The method for producing PGA of the present invention includes culturing the microorganism belonging to Bacillus pumilus. As a medium used for the culture, either a liquid medium or a solid medium is used. The medium components are not particularly limited, but, in general, a synthetic medium, natural medium, or any other medium containing carbon sources, nitrogen sources, inorganic salts, vitamins, and trace elements at appropriate concentrations used for culturing Bacillus microorganisms can be used. Any medium can be used.

Examples of the carbon source include sugars such as glucose, sucrose, starch, and amylose. As nitrogen sources, organic nitrogen such as peptone and meat extract, ammonia,
Inorganic nitrogen of an ammonium salt (for example, ammonium sulfate or the like) may be mentioned. Examples of the inorganic salts include phosphates (eg, sodium phosphate, sodium hydrogen phosphate, disodium hydrogen phosphate, potassium dihydrogen phosphate, etc.), magnesium salts (eg, magnesium sulfate, etc.), sodium chloride and the like. . Examples of vitamins include biotin. Also, as trace elements, copper,
Metals necessary for the growth of microorganisms, such as iron and manganese, may be mentioned. The above are all examples, and the present invention is not limited to these specific examples.

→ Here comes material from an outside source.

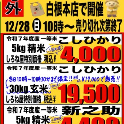 【お知らせ】一等米こしひかり・新之助即売会📢

Preferably, 2 to 10% by weight of glutamic acid or a salt thereof is added to the medium. As the glutamic acid to be added, L-glutamic acid or a salt thereof which is easily used by microorganisms is preferable. D-glutamic acid or a salt thereof is also used as necessary, or according to the use and purpose of PGA. Thus, the resulting PGA can be poly-γ-L-glutamic acid, poly-γ-D, L-glutamic acid, or poly-γ-D-glutamic acid.

The cultivation is preferably performed under aerobic conditions such as shaking culture and aeration and stirring culture. The culture temperature is not particularly limited as long as the microorganism can grow,
50C, preferably about 25-45C, more preferably
About 30-40 ° C. 50 for heat-resistant microorganisms
In some cases, the culture may be carried out at a temperature of at least ℃. The culture time is not limited, but is usually about 3 to 5 days. Of course, a continuous culture method in which a new medium is added while continuously collecting the culture solution can also be employed. Furthermore, the microorganisms may be packed in a column as immobilized cells immobilized on a gel, a porous substance, or the like, and a culture medium may be flowed, continuously cultured, and the effluent may be continuously collected.

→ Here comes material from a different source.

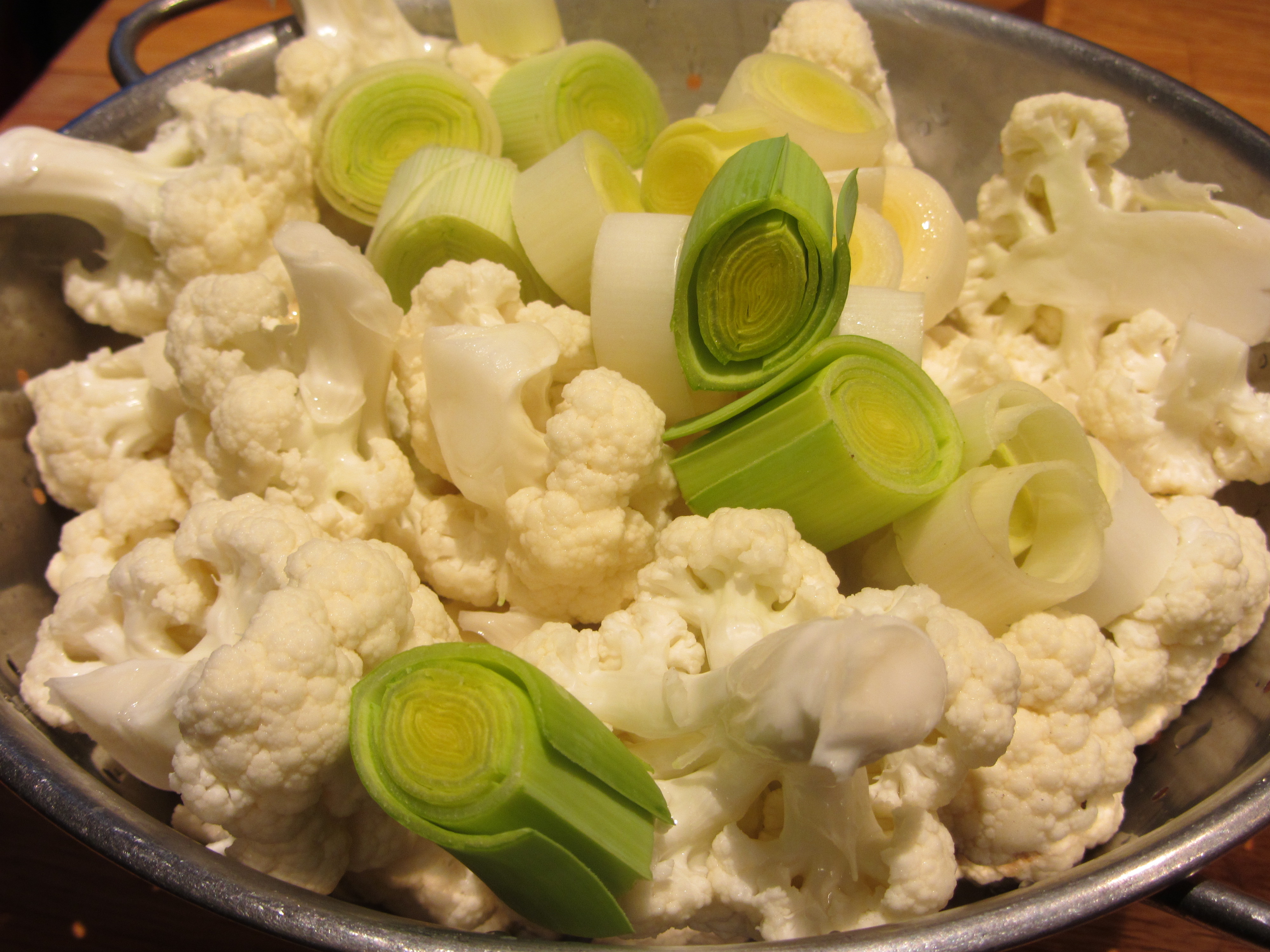1 large leek–damaged outer parts removed, cut down to the base, washed and sliced

In the case of liquid culture, PGA is contained in the culture solution.
If immobilized, it accumulates in the effluent. PGA is collected from the culture, for example, by centrifuging the culture,
The cells are removed and the supernatant is recovered. For separation and purification of PGA from the supernatant, methods commonly used by those skilled in the art, for example, methods such as precipitation with alcohol, salting out, ion exchange, liquid chromatography, gel filtration chromatography, dialysis, and lyophilization are used alone. Alternatively, it may be performed in combination with physical recovery means, for example, centrifugation, filtration and the like.

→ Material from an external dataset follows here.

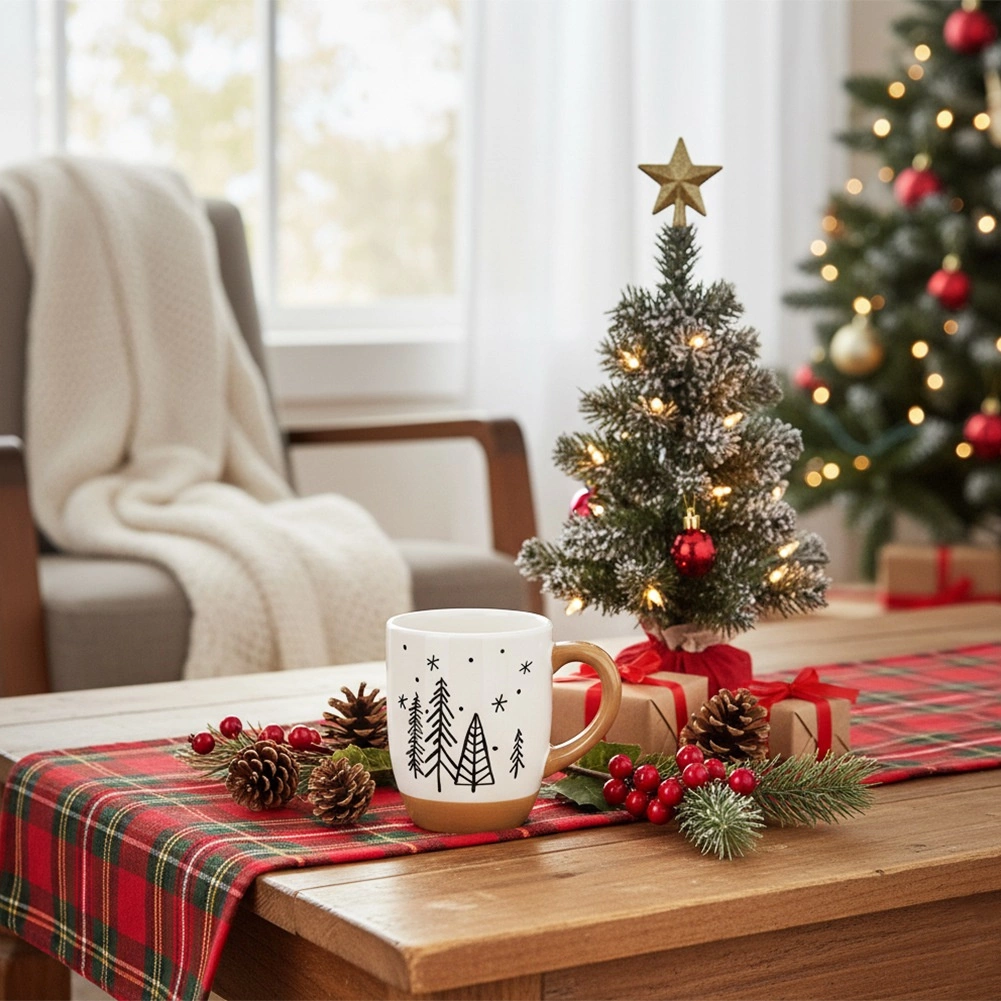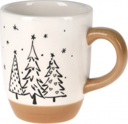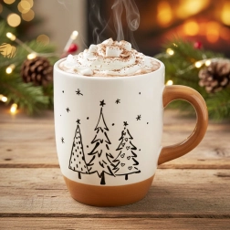 Vigyen ünnepi hangulatot otthonába az elegáns kerámia bögrével, melyet minimalista fenyőfák díszítenek. A fehér máz és a bézs fül és talp kombinációja ízléses és időtálló, így a bögre bármilyen terítékhez illik.

The average molecular weight of the obtained PGA is about 200,000 to 1.2 million. The average molecular weight is considered to be influenced and changed by factors such as the microorganism used, culture conditions, and the concentration of glutamic acid to be added. Since the molecular weight of the produced PGA is smaller than that of other Bacillus microorganisms such as Bacillus natto, the culture solution or the effluent may be slightly viscous, but has little effect on the culture.

[0025]

EXAMPLES The present invention will be described below in detail with reference to Examples, but the present invention is not limited thereto.

(Example 1) Microorganisms were isolated from soil in Nishi-ku, Kobe, by a conventional method. The isolated microorganism is designated L
-Cultivation in a PGA medium (A) described below containing glutamic acid, centrifugation of the culture to remove cells, dialysis of the supernatant against distilled water, lyophilization, and 50 mM sodium phosphate buffer ( pH 7.0), and dissolved in the above TSK-GEL
PGA-producing strains were screened by column chromatography with 6000PWXL.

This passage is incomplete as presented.